* **EXERCISE OBJECTIVE**: Every record must come back unchanged, apart from the pictures, which are dropped.

* **GIVEN ENTRIES**:
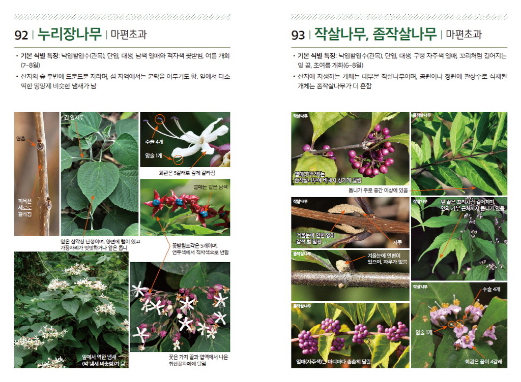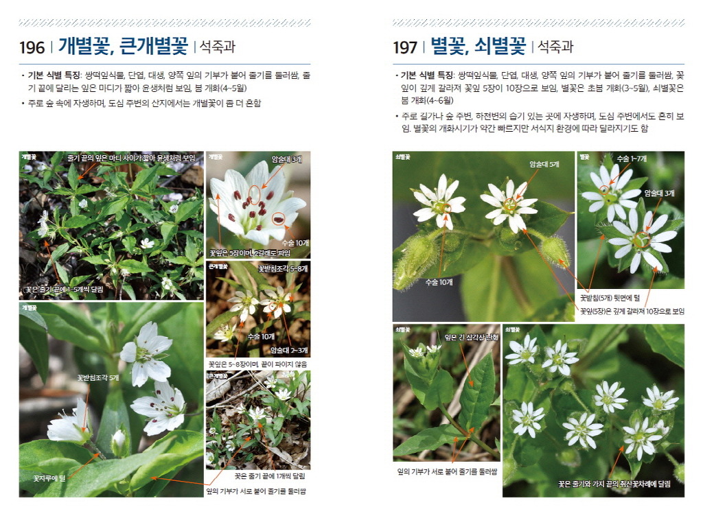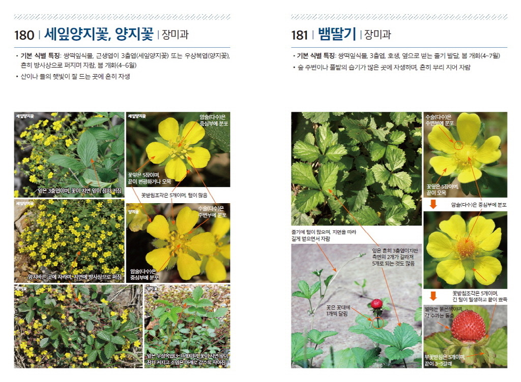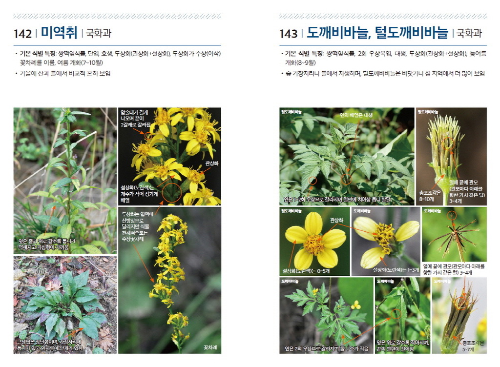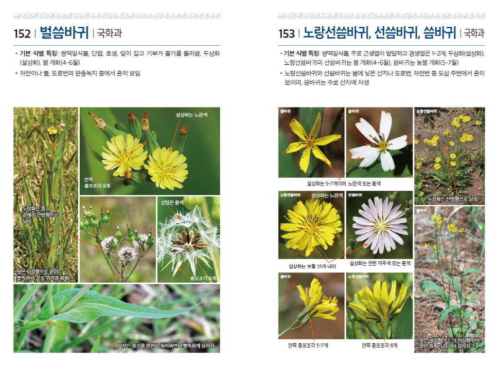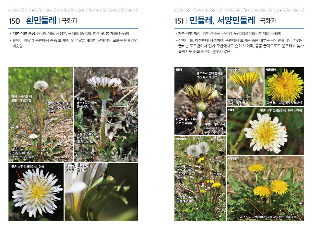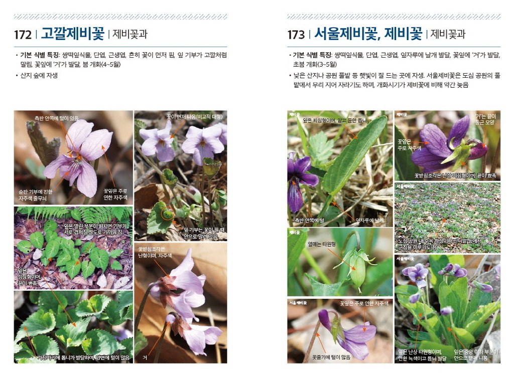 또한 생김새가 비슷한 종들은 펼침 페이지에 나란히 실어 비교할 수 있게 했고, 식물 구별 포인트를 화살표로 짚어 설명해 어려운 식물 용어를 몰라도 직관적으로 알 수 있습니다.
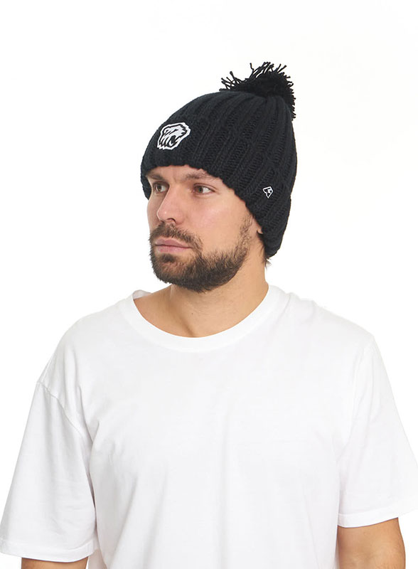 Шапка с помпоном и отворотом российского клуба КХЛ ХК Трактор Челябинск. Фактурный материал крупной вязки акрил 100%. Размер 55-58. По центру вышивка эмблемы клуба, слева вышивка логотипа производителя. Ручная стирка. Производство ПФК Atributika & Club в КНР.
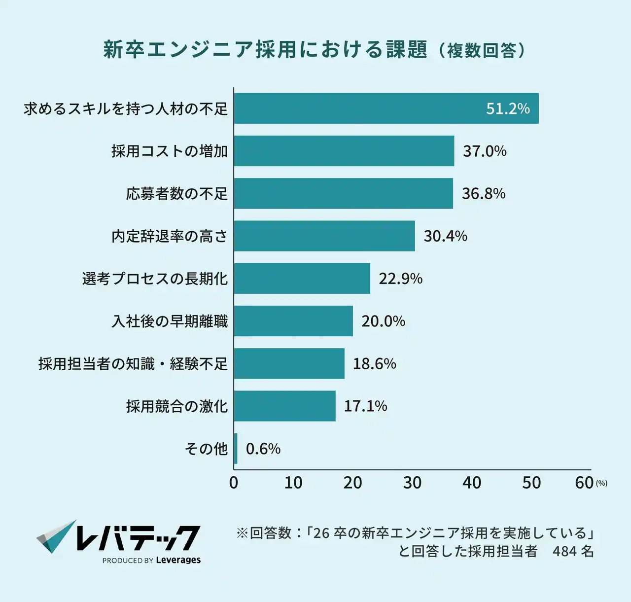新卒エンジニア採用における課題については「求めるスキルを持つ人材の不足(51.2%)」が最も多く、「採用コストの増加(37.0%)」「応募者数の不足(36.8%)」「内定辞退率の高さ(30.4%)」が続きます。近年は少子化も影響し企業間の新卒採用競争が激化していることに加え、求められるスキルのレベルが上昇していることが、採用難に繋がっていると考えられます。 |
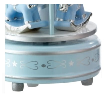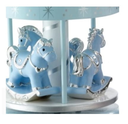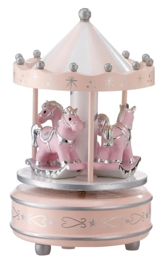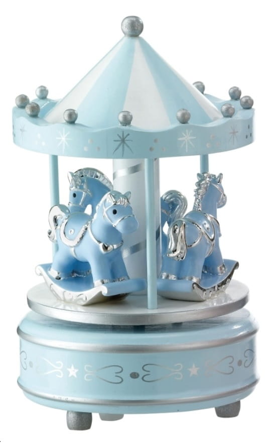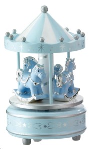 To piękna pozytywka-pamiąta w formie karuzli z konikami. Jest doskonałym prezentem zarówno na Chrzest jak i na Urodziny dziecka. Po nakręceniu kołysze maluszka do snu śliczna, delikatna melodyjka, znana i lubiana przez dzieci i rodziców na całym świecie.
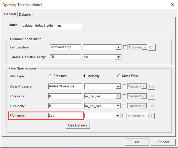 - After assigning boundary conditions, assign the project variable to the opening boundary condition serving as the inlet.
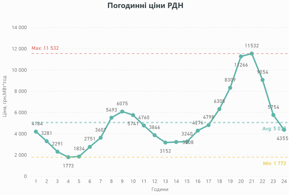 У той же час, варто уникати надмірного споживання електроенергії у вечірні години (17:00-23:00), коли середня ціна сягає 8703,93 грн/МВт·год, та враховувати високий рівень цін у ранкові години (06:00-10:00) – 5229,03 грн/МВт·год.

* **EXPECTED ANSWER**:
 또한 생김새가 비슷한 종들은 펼침 페이지에 나란히 실어 비교할 수 있게 했고, 식물 구별 포인트를 화살표로 짚어 설명해 어려운 식물 용어를 몰라도 직관적으로 알 수 있습니다.
 Шапка с помпоном и отворотом российского клуба КХЛ ХК Трактор Челябинск. Фактурный материал крупной вязки акрил 100%. Размер 55-58. По центру вышивка эмблемы клуба, слева вышивка логотипа производителя. Ручная стирка. Производство ПФК Atributika & Club в КНР.
新卒エンジニア採用における課題については「求めるスキルを持つ人材の不足(51.2%)」が最も多く、「採用コストの増加(37.0%)」「応募者数の不足(36.8%)」「内定辞退率の高さ(30.4%)」が続きます。近年は少子化も影響し企業間の新卒採用競争が激化していることに加え、求められるスキルのレベルが上昇していることが、採用難に繋がっていると考えられます。 |
 To piękna pozytywka-pamiąta w formie karuzli z konikami. Jest doskonałym prezentem zarówno na Chrzest jak i na Urodziny dziecka. Po nakręceniu kołysze maluszka do snu śliczna, delikatna melodyjka, znana i lubiana przez dzieci i rodziców na całym świecie.
 - After assigning boundary conditions, assign the project variable to the opening boundary condition serving as the inlet.
 У той же час, варто уникати надмірного споживання електроенергії у вечірні години (17:00-23:00), коли середня ціна сягає 8703,93 грн/МВт·год, та враховувати високий рівень цін у ранкові години (06:00-10:00) – 5229,03 грн/МВт·год.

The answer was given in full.